● **DATASET RECORDS**
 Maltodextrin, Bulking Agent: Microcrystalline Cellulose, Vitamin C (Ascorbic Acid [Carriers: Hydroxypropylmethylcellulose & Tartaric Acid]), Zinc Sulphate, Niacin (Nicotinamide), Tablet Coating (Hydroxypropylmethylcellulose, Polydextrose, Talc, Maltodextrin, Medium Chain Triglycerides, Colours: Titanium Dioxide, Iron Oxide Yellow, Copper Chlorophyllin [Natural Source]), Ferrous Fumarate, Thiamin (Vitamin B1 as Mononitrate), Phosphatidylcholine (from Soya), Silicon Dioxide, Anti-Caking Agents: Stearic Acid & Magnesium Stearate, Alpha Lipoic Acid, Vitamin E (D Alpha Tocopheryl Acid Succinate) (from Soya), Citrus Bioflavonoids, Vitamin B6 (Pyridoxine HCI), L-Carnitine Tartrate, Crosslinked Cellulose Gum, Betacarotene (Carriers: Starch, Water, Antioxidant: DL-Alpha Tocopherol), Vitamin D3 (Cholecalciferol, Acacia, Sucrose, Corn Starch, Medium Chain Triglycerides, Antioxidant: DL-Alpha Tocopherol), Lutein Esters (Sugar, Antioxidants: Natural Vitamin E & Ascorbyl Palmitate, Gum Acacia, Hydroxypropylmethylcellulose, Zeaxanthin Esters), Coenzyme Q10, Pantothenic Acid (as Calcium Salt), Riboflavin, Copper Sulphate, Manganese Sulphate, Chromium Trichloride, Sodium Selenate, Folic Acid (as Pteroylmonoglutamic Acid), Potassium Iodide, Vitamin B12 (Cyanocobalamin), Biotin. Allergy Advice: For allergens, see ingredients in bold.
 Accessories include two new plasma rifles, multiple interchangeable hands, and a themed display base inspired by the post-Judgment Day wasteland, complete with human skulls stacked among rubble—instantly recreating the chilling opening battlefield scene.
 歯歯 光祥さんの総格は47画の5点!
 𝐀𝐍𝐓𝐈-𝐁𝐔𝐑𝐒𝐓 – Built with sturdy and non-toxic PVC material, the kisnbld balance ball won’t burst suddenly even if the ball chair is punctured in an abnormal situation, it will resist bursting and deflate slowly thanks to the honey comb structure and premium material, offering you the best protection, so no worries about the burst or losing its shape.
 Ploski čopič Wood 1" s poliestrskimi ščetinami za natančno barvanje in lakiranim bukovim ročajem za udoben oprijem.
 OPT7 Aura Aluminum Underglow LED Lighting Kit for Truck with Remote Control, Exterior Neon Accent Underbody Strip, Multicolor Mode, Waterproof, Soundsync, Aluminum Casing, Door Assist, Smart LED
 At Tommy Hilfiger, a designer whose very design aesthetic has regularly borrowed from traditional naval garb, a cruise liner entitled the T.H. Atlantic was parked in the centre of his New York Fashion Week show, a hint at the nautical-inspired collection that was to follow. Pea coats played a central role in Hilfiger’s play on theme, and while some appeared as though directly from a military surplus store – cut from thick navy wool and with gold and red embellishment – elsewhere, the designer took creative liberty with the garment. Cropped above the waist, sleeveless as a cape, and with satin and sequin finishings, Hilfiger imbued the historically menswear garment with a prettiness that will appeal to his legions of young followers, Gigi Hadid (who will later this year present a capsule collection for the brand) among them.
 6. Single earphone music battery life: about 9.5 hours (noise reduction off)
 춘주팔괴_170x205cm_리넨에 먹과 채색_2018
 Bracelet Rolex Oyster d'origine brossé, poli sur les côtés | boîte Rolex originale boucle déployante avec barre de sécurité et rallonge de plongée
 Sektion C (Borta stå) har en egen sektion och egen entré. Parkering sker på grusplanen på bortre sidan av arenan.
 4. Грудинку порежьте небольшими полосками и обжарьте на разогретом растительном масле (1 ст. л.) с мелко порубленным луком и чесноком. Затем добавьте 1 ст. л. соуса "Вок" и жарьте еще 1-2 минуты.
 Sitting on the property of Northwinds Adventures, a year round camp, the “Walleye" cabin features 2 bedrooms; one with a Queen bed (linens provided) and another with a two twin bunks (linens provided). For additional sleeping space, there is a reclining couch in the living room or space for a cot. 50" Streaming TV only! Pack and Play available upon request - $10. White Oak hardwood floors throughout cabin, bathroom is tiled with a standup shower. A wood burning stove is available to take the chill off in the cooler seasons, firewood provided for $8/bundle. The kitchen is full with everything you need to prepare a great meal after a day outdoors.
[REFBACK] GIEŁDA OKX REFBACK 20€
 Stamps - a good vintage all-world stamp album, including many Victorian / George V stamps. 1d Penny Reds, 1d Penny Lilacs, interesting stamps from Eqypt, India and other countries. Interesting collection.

● **EXERCISE AIM**
At the line containing "Bracelet Rolex Oyster", start copying. Continue exactly through the final line of the entries above and stop there.

● **THE COMPLETED TASK**
 Bracelet Rolex Oyster d'origine brossé, poli sur les côtés | boîte Rolex originale boucle déployante avec barre de sécurité et rallonge de plongée
 Sektion C (Borta stå) har en egen sektion och egen entré. Parkering sker på grusplanen på bortre sidan av arenan.
 4. Грудинку порежьте небольшими полосками и обжарьте на разогретом растительном масле (1 ст. л.) с мелко порубленным луком и чесноком. Затем добавьте 1 ст. л. соуса "Вок" и жарьте еще 1-2 минуты.
 Sitting on the property of Northwinds Adventures, a year round camp, the “Walleye" cabin features 2 bedrooms; one with a Queen bed (linens provided) and another with a two twin bunks (linens provided). For additional sleeping space, there is a reclining couch in the living room or space for a cot. 50" Streaming TV only! Pack and Play available upon request - $10. White Oak hardwood floors throughout cabin, bathroom is tiled with a standup shower. A wood burning stove is available to take the chill off in the cooler seasons, firewood provided for $8/bundle. The kitchen is full with everything you need to prepare a great meal after a day outdoors.
[REFBACK] GIEŁDA OKX REFBACK 20€
 Stamps - a good vintage all-world stamp album, including many Victorian / George V stamps. 1d Penny Reds, 1d Penny Lilacs, interesting stamps from Eqypt, India and other countries. Interesting collection.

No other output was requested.